Work request: Find the line with "Wooden Yellow Photo" in the records below. Output exactly from there until after the line with "Genuine 27.82ctw Yellow", without pictures.

#### Supplied entries ####

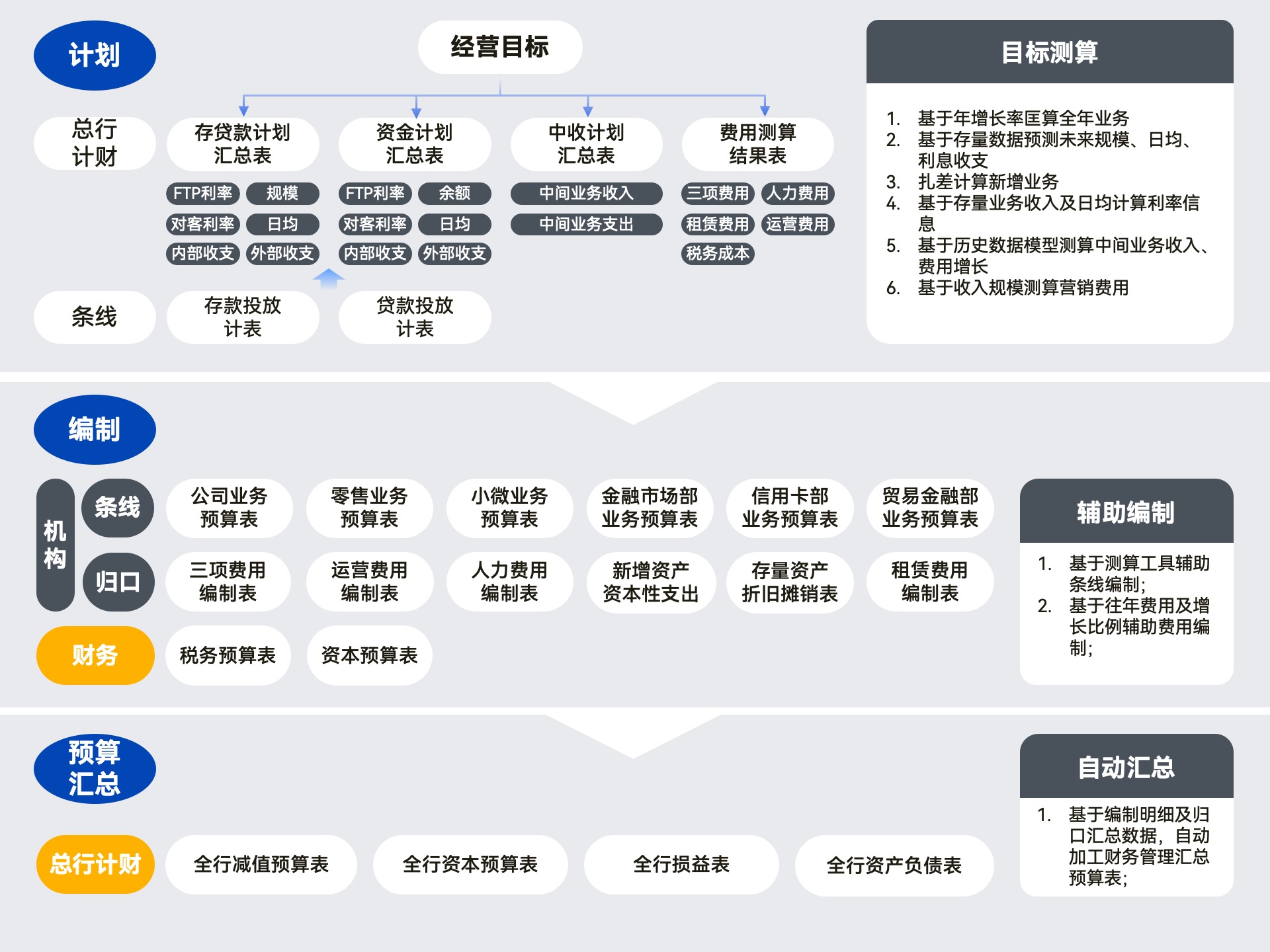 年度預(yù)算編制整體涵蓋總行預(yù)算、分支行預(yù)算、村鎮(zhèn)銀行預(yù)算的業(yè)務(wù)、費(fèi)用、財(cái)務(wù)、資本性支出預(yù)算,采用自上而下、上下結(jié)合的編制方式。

####
#### Supplied entries ####

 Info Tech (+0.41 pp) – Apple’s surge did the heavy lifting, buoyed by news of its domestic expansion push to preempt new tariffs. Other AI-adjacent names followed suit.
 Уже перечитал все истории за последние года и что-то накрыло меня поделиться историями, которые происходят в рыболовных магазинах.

####
#### Supplied entries ####

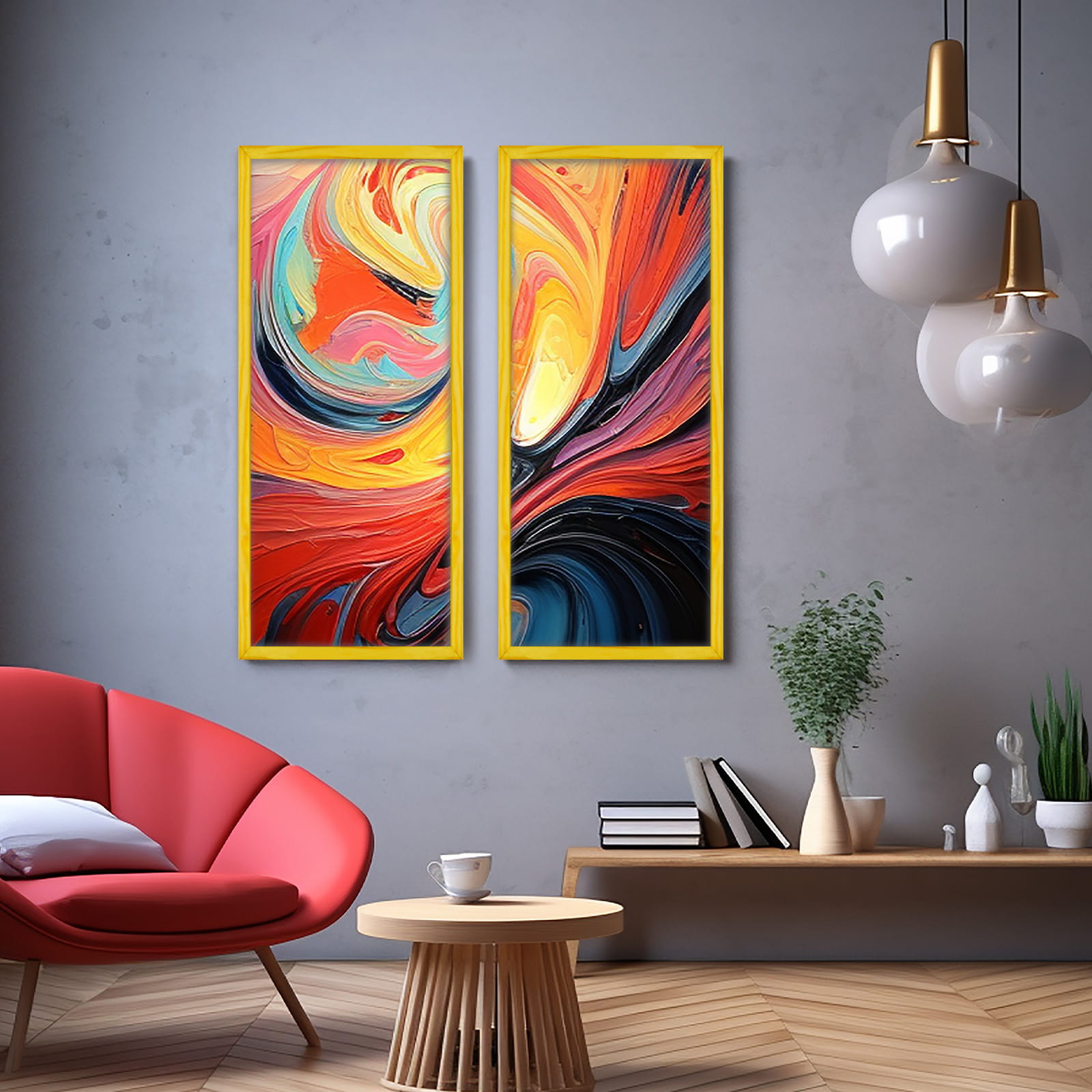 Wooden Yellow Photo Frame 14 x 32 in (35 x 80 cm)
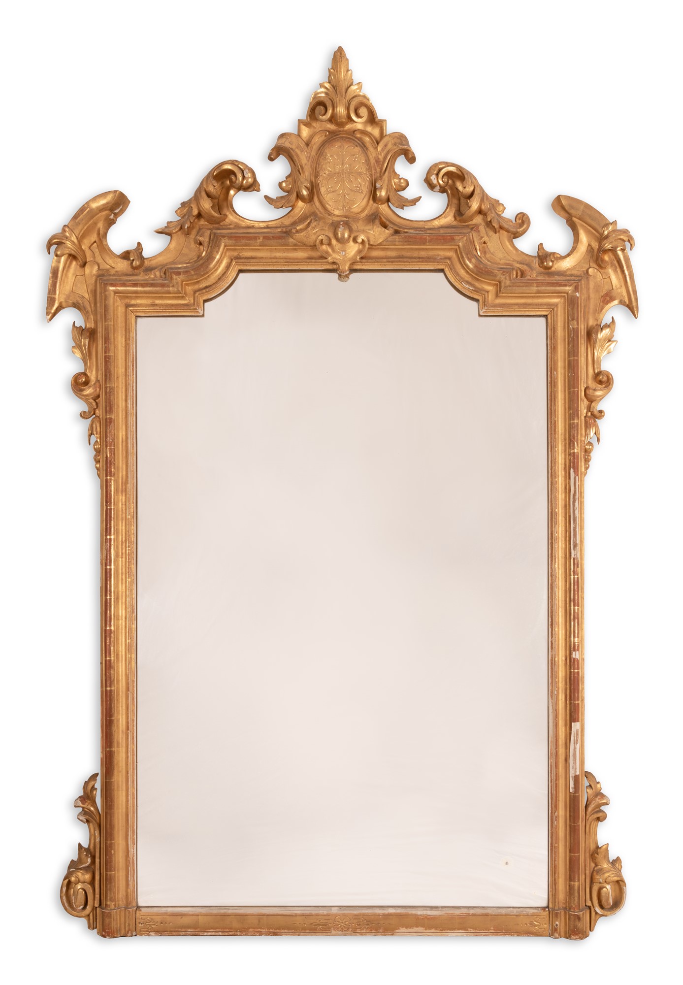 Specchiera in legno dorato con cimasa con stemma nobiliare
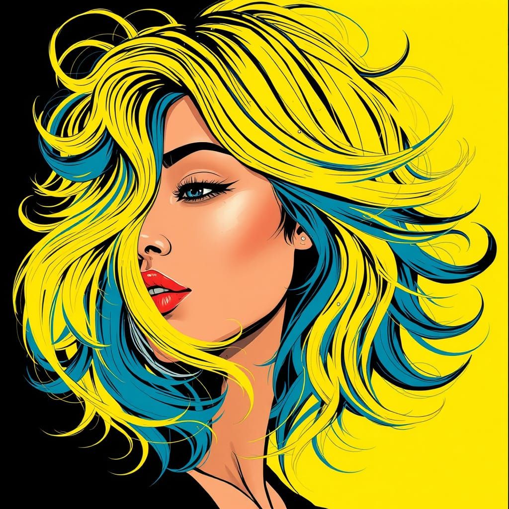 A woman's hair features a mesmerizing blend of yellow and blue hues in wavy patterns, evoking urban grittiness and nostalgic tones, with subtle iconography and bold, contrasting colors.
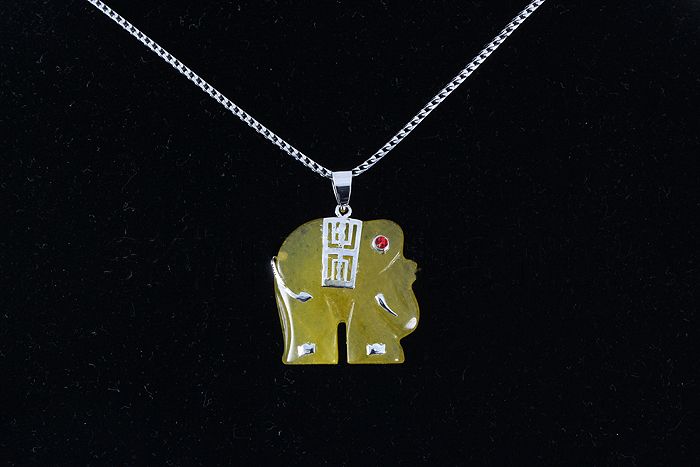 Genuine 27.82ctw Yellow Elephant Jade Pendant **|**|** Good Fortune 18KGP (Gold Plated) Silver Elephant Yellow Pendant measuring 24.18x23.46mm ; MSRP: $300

####

Answer to the exercise:
 Wooden Yellow Photo Frame 14 x 32 in (35 x 80 cm)
 Specchiera in legno dorato con cimasa con stemma nobiliare
 A woman's hair features a mesmerizing blend of yellow and blue hues in wavy patterns, evoking urban grittiness and nostalgic tones, with subtle iconography and bold, contrasting colors.
 Genuine 27.82ctw Yellow Elephant Jade Pendant **|**|** Good Fortune 18KGP (Gold Plated) Silver Elephant Yellow Pendant measuring 24.18x23.46mm ; MSRP: $300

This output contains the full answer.